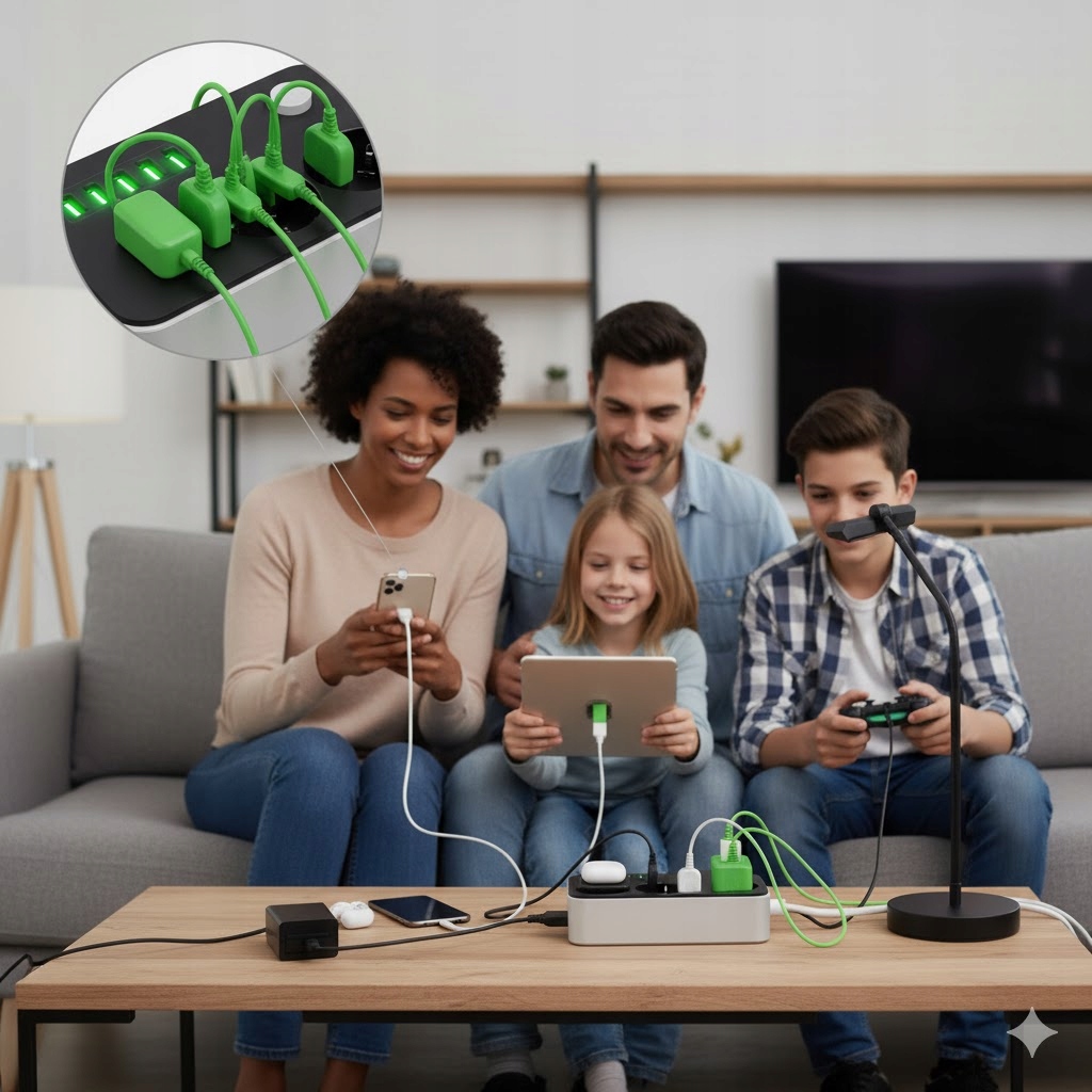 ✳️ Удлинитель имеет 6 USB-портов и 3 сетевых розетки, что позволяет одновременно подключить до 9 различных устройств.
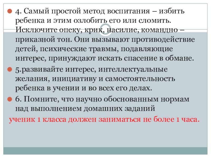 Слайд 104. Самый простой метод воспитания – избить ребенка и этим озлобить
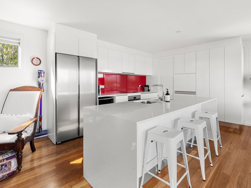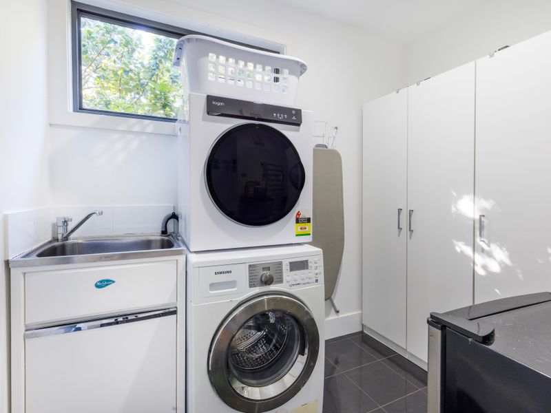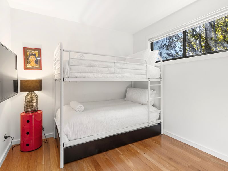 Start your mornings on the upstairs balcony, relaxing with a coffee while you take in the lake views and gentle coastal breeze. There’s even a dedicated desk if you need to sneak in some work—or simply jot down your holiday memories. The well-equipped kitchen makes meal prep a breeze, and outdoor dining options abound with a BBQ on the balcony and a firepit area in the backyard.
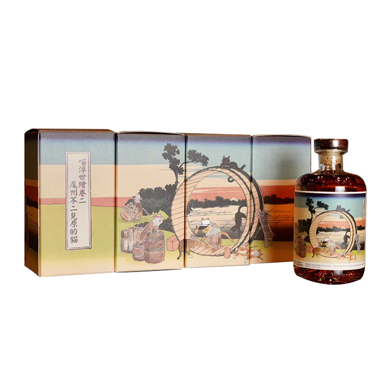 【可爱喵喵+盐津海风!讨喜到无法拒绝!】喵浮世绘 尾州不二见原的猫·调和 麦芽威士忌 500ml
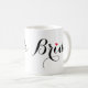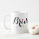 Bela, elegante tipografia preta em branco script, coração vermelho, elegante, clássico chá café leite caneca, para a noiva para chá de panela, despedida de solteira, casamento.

○ ○ ○ ○

#### Your instructions
The answer must consist solely of the lines from the one with "尾州不二见原的猫·调和 麦芽威士忌 500ml" through the final line of the data, each reproduced exactly and with pictures omitted.

#### Result
 【可爱喵喵+盐津海风!讨喜到无法拒绝!】喵浮世绘 尾州不二见原的猫·调和 麦芽威士忌 500ml
 Bela, elegante tipografia preta em branco script, coração vermelho, elegante, clássico chá café leite caneca, para a noiva para chá de panela, despedida de solteira, casamento.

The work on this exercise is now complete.